Through trading connections with Hong Kong, foreign investors sold a record net 17.9 billion yuan ($3.5 billion) worth of mainland shares on Monday, turning the year-to-date number into a little net outflow. It would be the first annual decline since the stock connect program's start in 2014 if this holds through the end of the year.

Following the twice-decadent political event in the country, panic selling struck the markets on Monday, sending the Hang Seng China Enterprises Index to its lowest point since the 2008 financial crisis. Tuesday morning saw a continuation of the sell-off, with the index, a measure of Chinese companies listed in Hong Kong, dropping 0.7% as of 10:09 am local time, adding to Monday's 7.3% decline.

As worries over a lack of supportive policies from the Communist Party Congress and a reinvigorated Zero-COVID campaign frighten markets, foreign investors are on track to become sellers of Chinese stocks for the first time ever for the year.

On Tuesday morning, the benchmark CSI 300 Index in China shed another 0.8%, while the Hang Seng Index in Hong Kong dropped 1.9%. The decline stands in contrast to the strong performance of the world's markets, with Monday's closing stock prices in the US and Europe rising.
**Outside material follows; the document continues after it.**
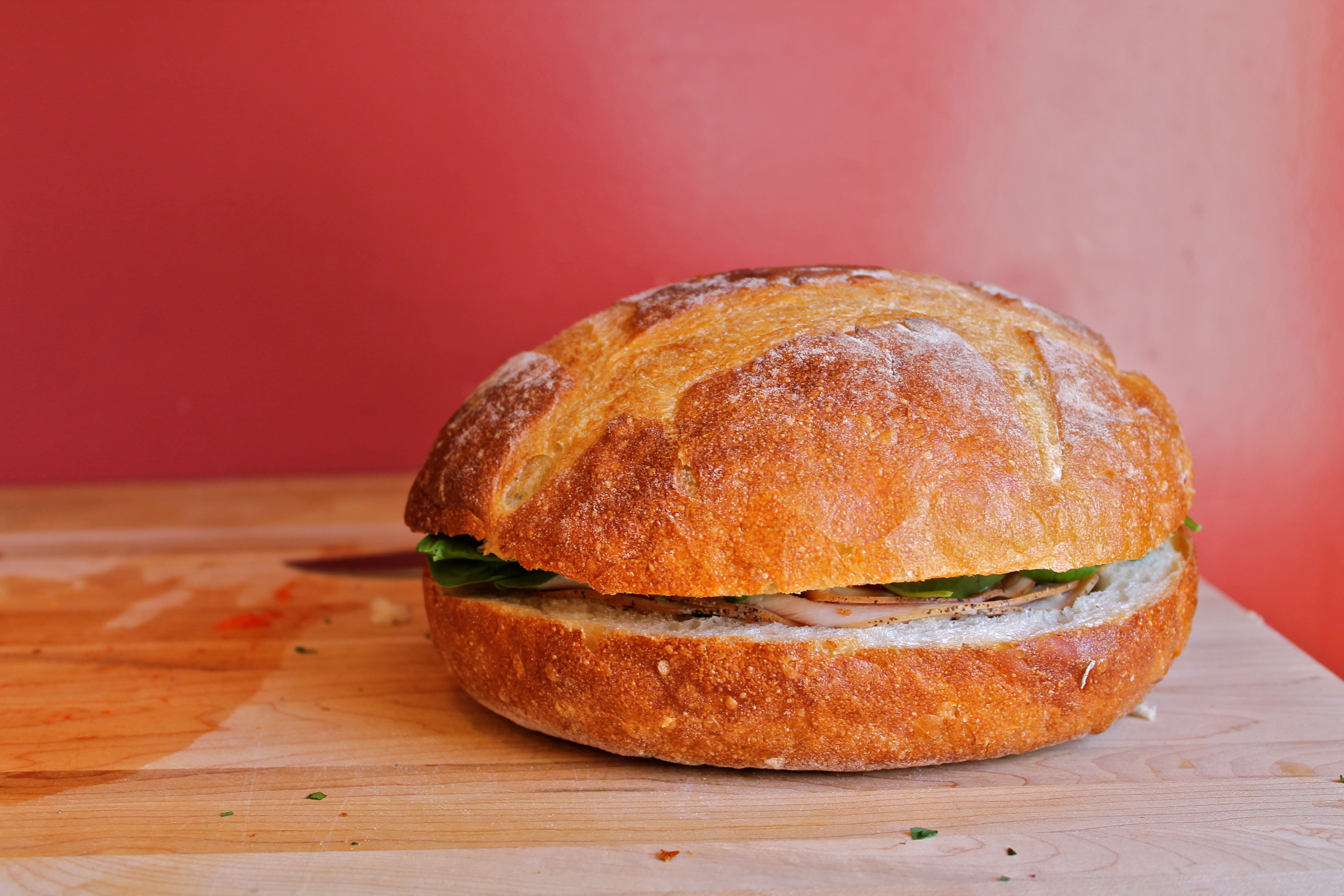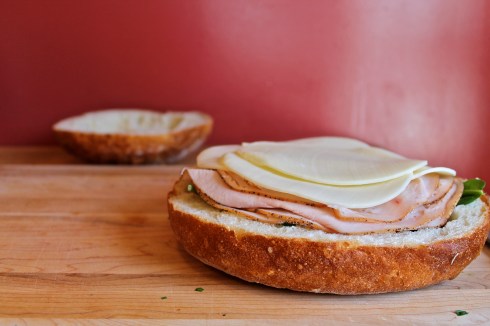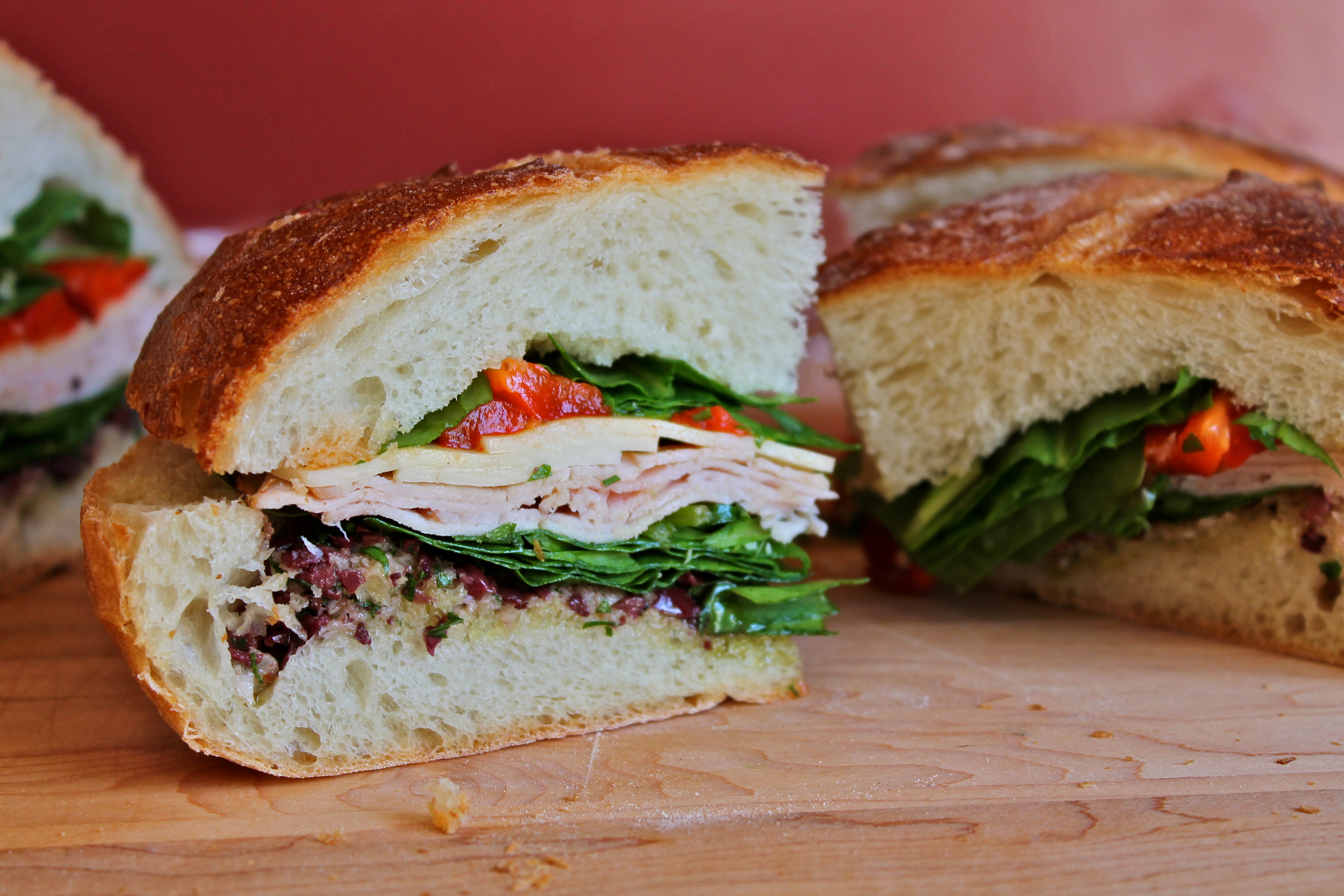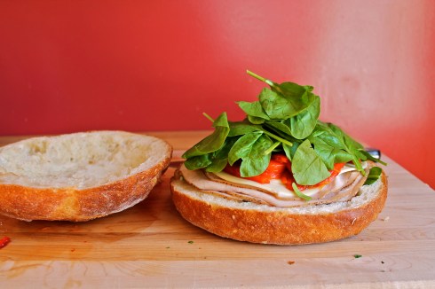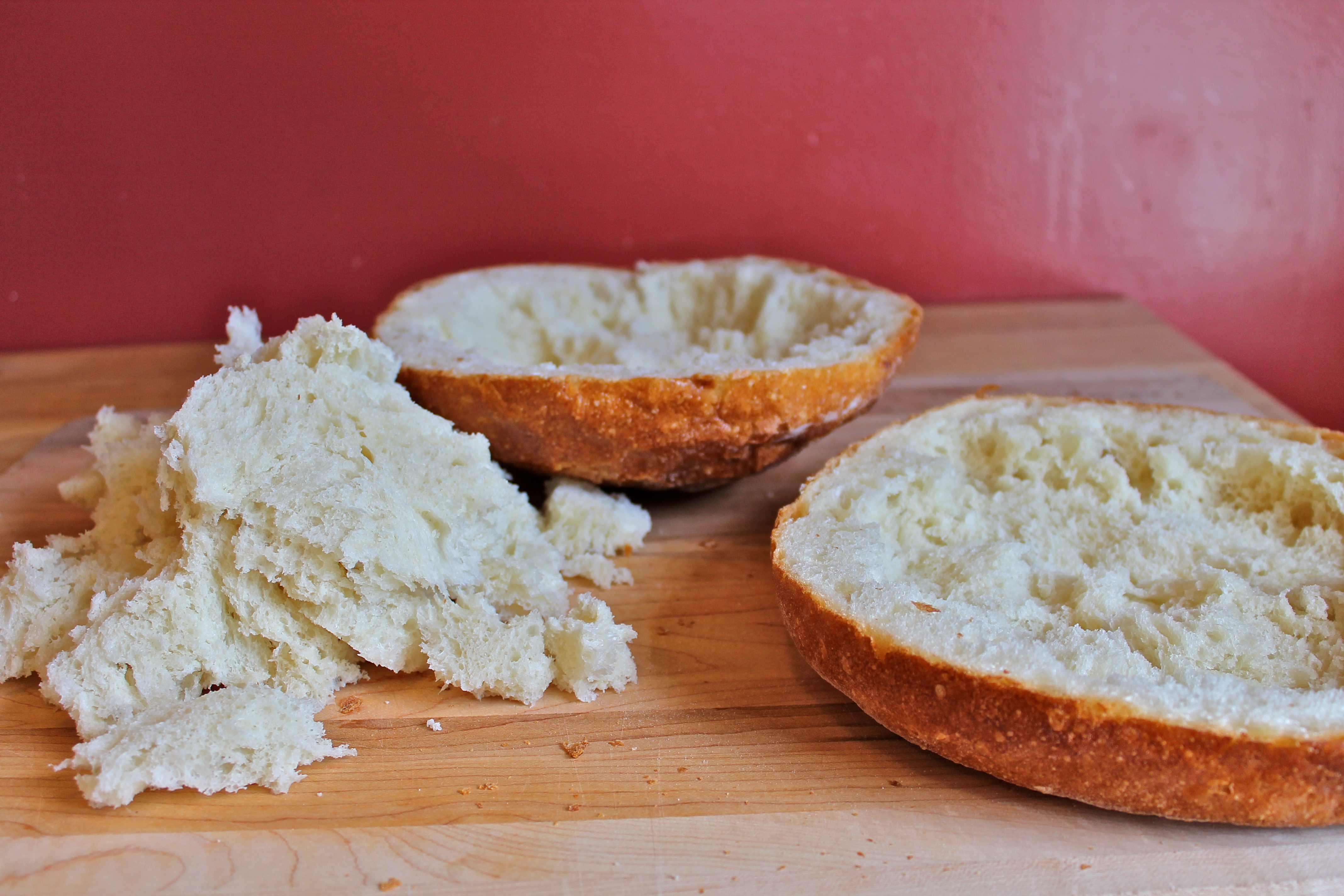 To construct sandwich, cut the loaf of bread in half lengthwise.  Tear out half an inch to one inch of the soft middle of the bread, leaving the bottom of the loaf shallower an the top (leaving a deeper space in the top of the loaf allows you to pile your sandwich ingredients higher with less threat of the sandwich collapsing).  You can reserve the torn-out bread in a plastic bag and freeze it for another use (bread brumbs, romesco sauce, etc.).

With the anticipation that the leadership reshuffle would bring about the continuance of important measures like Covid-19-zero, President Xi Jinping's consolidation of power is considered a significant concern.

Investors are currently anticipating if the new leadership will be able to provide crucial stimulus to stop additional losses. The Politburo meeting and the Central Economic Work Conference, two economic conferences later this year, will be intensively scrutinized for such programs. From Hong Kong to London and New York, the massive sell-off in Chinese assets on Monday made front-page news. However, the route was as if it never happened to the Chinese state media.

As traders begin to doubt China's prospects for economic growth, which are constrained by rigorous financial restrictions and the severely damaged real estate market, bears on the country are becoming more and more prevalent. Despite the country publishing better-than-expected third-quarter gross domestic product numbers, the benchmark CSI 300 Index fell 2.9% on Monday amid the general sell-off.

The majority of the front pages of the nation's top financial publications were instead devoted to official news pieces about President Xi. On the fourth page of The Shanghai Securities News, there was a brief article about domestic equities dropping without any explanation. On Tuesday morning's top 50 trending list on Weibo, there was no mention of the sell-off either.